InsuranceDekho is a leading InsurTech platform in India that offers insurance products from over 49 insurance companies through a network of 150,000 point of sale person (POSP) agents and direct-to-customer channels. The company faced a significant operational challenge: insurance advisors, particularly newer ones, frequently needed to consult subject matter experts (SMEs) for policy-specific questions, creating bottlenecks and delays in customer service. This case study describes how they implemented a generative AI-powered chat assistant using Retrieval Augmented Generation (RAG) to enable agents to autonomously resolve customer queries about policy coverages, exclusions, and other insurance details.

The Problem

The core challenge centered on response time and efficiency in the customer service workflow. When customers asked questions about insurance products, advisors often lacked the detailed knowledge to respond immediately and needed to reach out to SMEs. This created several operational issues:

The inefficiency was particularly problematic in a competitive market where customers might explore competing services if they received better clarity elsewhere.
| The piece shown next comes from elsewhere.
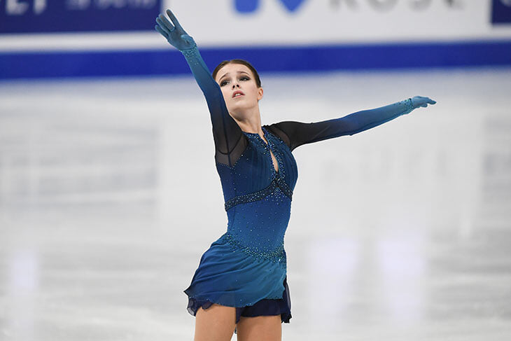 Сүүлийн хэсэгт хоёр орос охин дараалан гарч, хамгийн сүүлд Японы Рика Кихира гарах байлаа. Эхлээд мөсөн дээр гарсан Александра Трусова харамсалтай нь сэтгэлийн хөдөлгөөнөө барьж чадсангүй. Евгений Плющенкогийн шавь гурвалсан акселиас татгалзсан ч гурвалсан лутц дээр маш бүдүүлэг алдаа гаргаж унан, каскадгүй хоцорлоо. Орос пуужин Трусова 64,82-хөн оноо авснаар дэлхийн аварга болох мөрөөдөл нь энэ удаад бүтэхгүй болсныг харуулах шиг боллоо. Магадгүй Евгений Плющенкогийн буруу ч байж мэдэх юм.

Technical Architecture and Implementation

InsuranceDekho selected Amazon Bedrock as their primary foundation model provider after evaluating several generative AI model providers. The decision was influenced by several factors that are worth examining from an LLMOps perspective:

Managed Service Benefits: Amazon Bedrock’s fully serverless offering eliminated the need for provisioning infrastructure, procuring GPUs, or configuring ML frameworks. This significantly reduced development and deployment overheads, which is a key consideration for production LLM deployments where operational complexity can quickly escalate.

Model Flexibility: The ability to access multiple foundation models through a single API provided operational flexibility. InsuranceDekho specifically mentions that they seamlessly transitioned from Anthropic’s Claude Instant to Anthropic’s Claude Haiku when Claude 3 became available, without requiring code changes. This kind of model portability is a significant advantage in production environments where model upgrades and optimizations are ongoing concerns.
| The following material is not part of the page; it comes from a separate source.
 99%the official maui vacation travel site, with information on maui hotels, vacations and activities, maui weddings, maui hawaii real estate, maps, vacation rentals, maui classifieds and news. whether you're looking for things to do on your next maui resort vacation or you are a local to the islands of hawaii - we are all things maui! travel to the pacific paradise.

Performance Options: Amazon Bedrock’s on-demand and provisioned throughput options allowed them to balance latency requirements with cost considerations.

Security: AWS PrivateLink provided secure, private model access without traversing the public internet, addressing data privacy and compliance requirements that are particularly important in the insurance industry.

RAG Implementation

The solution follows a classic RAG pattern with some notable architectural decisions. The workflow is divided into two main components: an ingestion workflow and a response generation workflow.

Ingestion Workflow: Insurance policy documents are processed through an embedding model (they mention using a third-party embedding model rather than one from Amazon Bedrock) to generate vector representations. These embeddings are stored in Amazon OpenSearch Service, which was chosen for its scalability, high-performance search capabilities, and cost-effectiveness. This workflow keeps the knowledge base current with the latest insurance policy information.

Response Generation Workflow: This is where the production LLM deployment becomes more interesting from an LLMOps perspective:

LLMOps Considerations

Several LLMOps-relevant design decisions are evident in this implementation:

Caching Strategy: The use of semantic caching with Redis is a practical approach to reducing both latency and cost in production LLM deployments. By caching frequently accessed responses and using semantic similarity to match queries, they can bypass the more expensive generation workflow for redundant queries.

Intent Classification as a Gateway: Using Claude Haiku as an intent classifier before full RAG processing is an interesting optimization. This allows simple queries to be handled efficiently without the overhead of retrieval, while routing complex queries through the full pipeline. This tiered approach helps manage costs and latency at scale.

Dynamic Prompting: The mention of dynamic prompting based on query type suggests they’ve implemented some form of prompt routing or prompt optimization based on intent classification results.

Model Selection: They specifically chose Anthropic’s Claude Haiku after benchmarking, citing its exceptional performance in terms of speed and affordability. For a high-volume customer service application with 150,000 agents, the cost-per-query is a significant operational consideration.

Results and Impact

The implementation reportedly achieved an 80% decrease in response time for customer queries about plan features, inclusions, and exclusions. Insurance advisors can now autonomously address customer queries without constant SME involvement. The company claims improved sales, cross-selling, and overall customer service experience.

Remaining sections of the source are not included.